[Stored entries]
◆ ◆ ◆
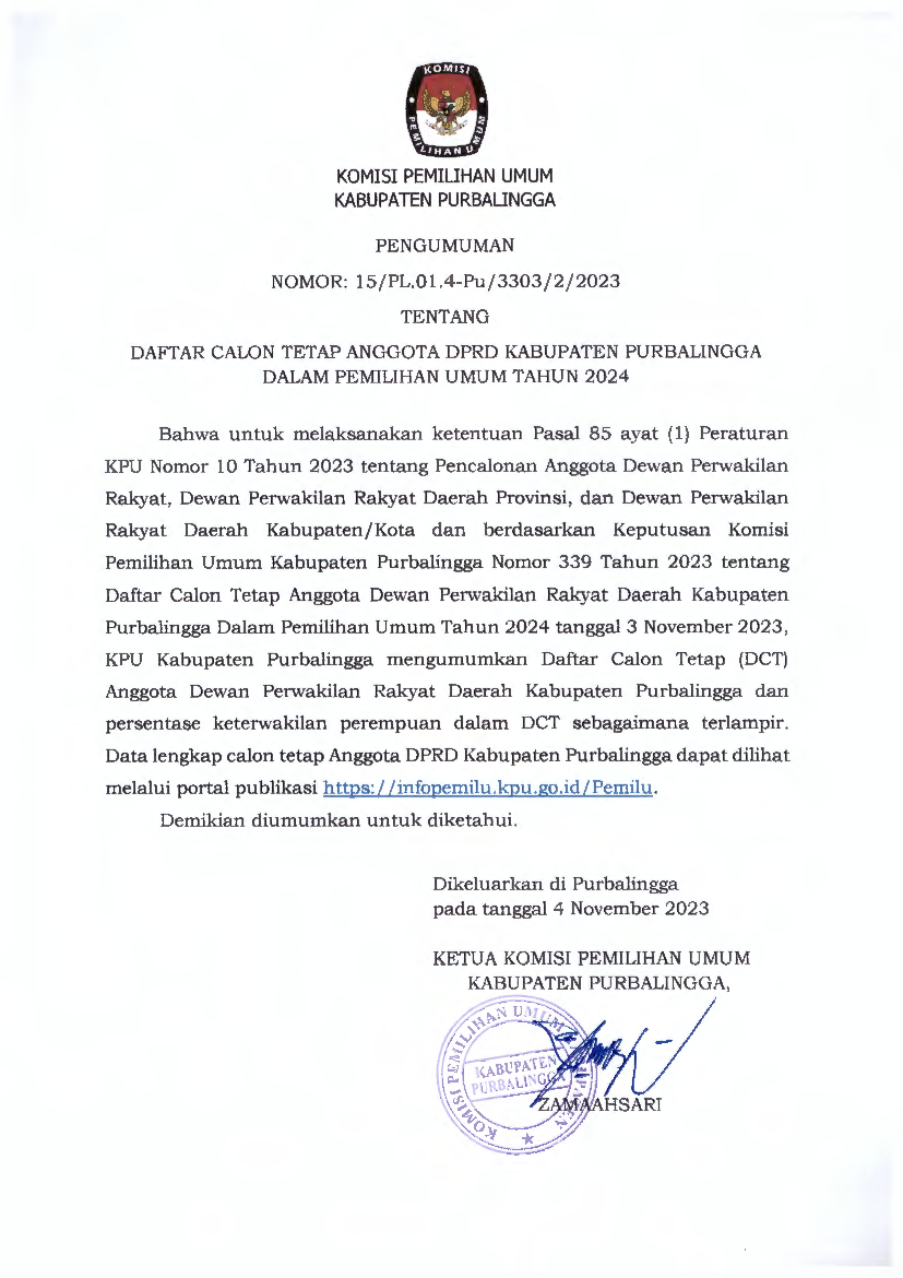 Pengumuman Daftar Calon Tetap Anggota DPRD Kabupaten Purbalingga Dalam Pemilu Tahun 2024
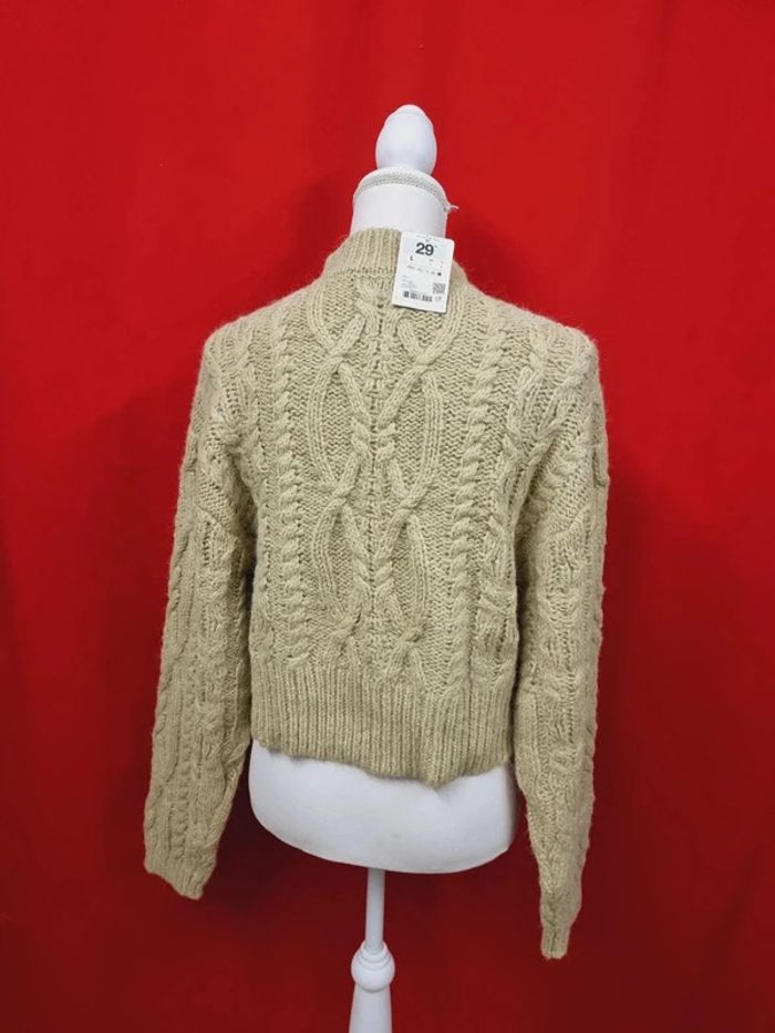 Jennyfer pull vert maille torsadée col montant * taille L * - photo numéro 3
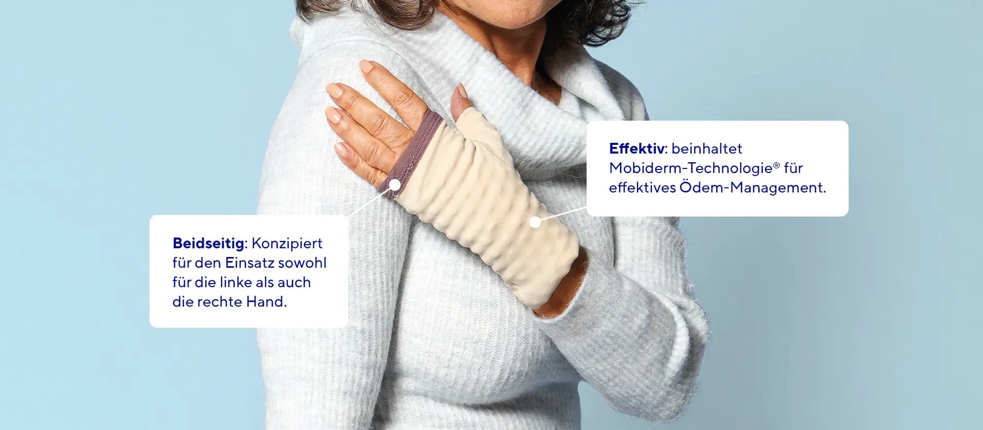 Mobiderm® Handschuh ohne Finger ist ein mobilisierender Fäustling zur Behandlung von leichten bis mittelschweren Lymphödemen.
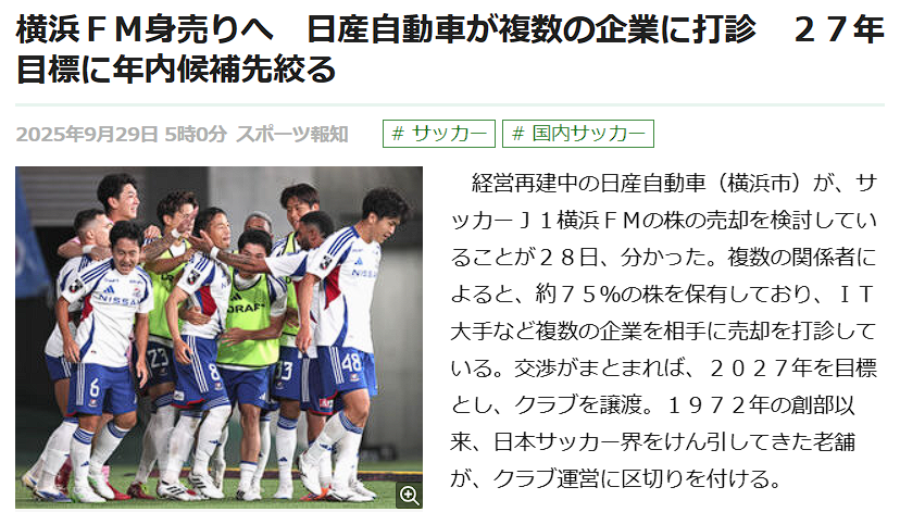 日産がマリノスの株を売却することは「まあ、そうなるよね」という話。ただ「これから買い手を絞る」みたいな出方はあまりよくないし、記事の解像度も低いように思った。それに「IT大手」は一通りプロスポーツに手を出していて、どこか残っていましたっけ?
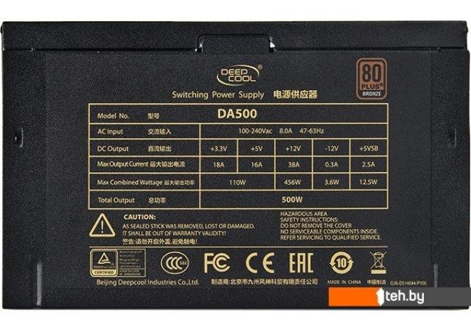 Фотографии, описание и технические характеристики модели блока питания DeepCool DA500 [DP-BZ-DA500N] взяты из открытых источников, официального сайта производителя или представительства DeepCool в Республике Беларусь.
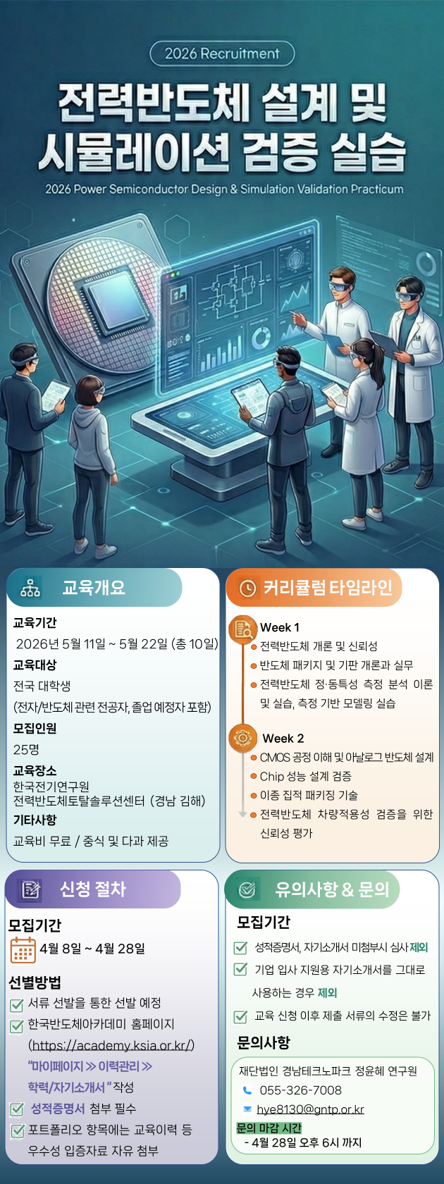 전력반도체 설계 및 시뮬레이션 검증 실습 교육생 모집 홍보
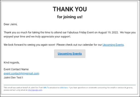 An email template has been provided in your database to make it easy for you to thank those who have attended your events. This template is designed to be short and sweet, thanking your guests for attending and for their support. The template can be expanded upon to include a short summary with key highlights from the event. It closes with a call-to-action to keep your members engaged, with the focus of guiding attendees to your event calendar to browse through your future events. (Other call-to-actions could include: a survey, a callout for a specific upcoming event, signing up for a newsletter, or following on social media.)
◆ ◆ ◆
Set down the records again verbatim, with no pictures.

 Pengumuman Daftar Calon Tetap Anggota DPRD Kabupaten Purbalingga Dalam Pemilu Tahun 2024
 Jennyfer pull vert maille torsadée col montant * taille L * - photo numéro 3
 Mobiderm® Handschuh ohne Finger ist ein mobilisierender Fäustling zur Behandlung von leichten bis mittelschweren Lymphödemen.
 日産がマリノスの株を売却することは「まあ、そうなるよね」という話。ただ「これから買い手を絞る」みたいな出方はあまりよくないし、記事の解像度も低いように思った。それに「IT大手」は一通りプロスポーツに手を出していて、どこか残っていましたっけ?
 Фотографии, описание и технические характеристики модели блока питания DeepCool DA500 [DP-BZ-DA500N] взяты из открытых источников, официального сайта производителя или представительства DeepCool в Республике Беларусь.
 전력반도체 설계 및 시뮬레이션 검증 실습 교육생 모집 홍보
 An email template has been provided in your database to make it easy for you to thank those who have attended your events. This template is designed to be short and sweet, thanking your guests for attending and for their support. The template can be expanded upon to include a short summary with key highlights from the event. It closes with a call-to-action to keep your members engaged, with the focus of guiding attendees to your event calendar to browse through your future events. (Other call-to-actions could include: a survey, a callout for a specific upcoming event, signing up for a newsletter, or following on social media.)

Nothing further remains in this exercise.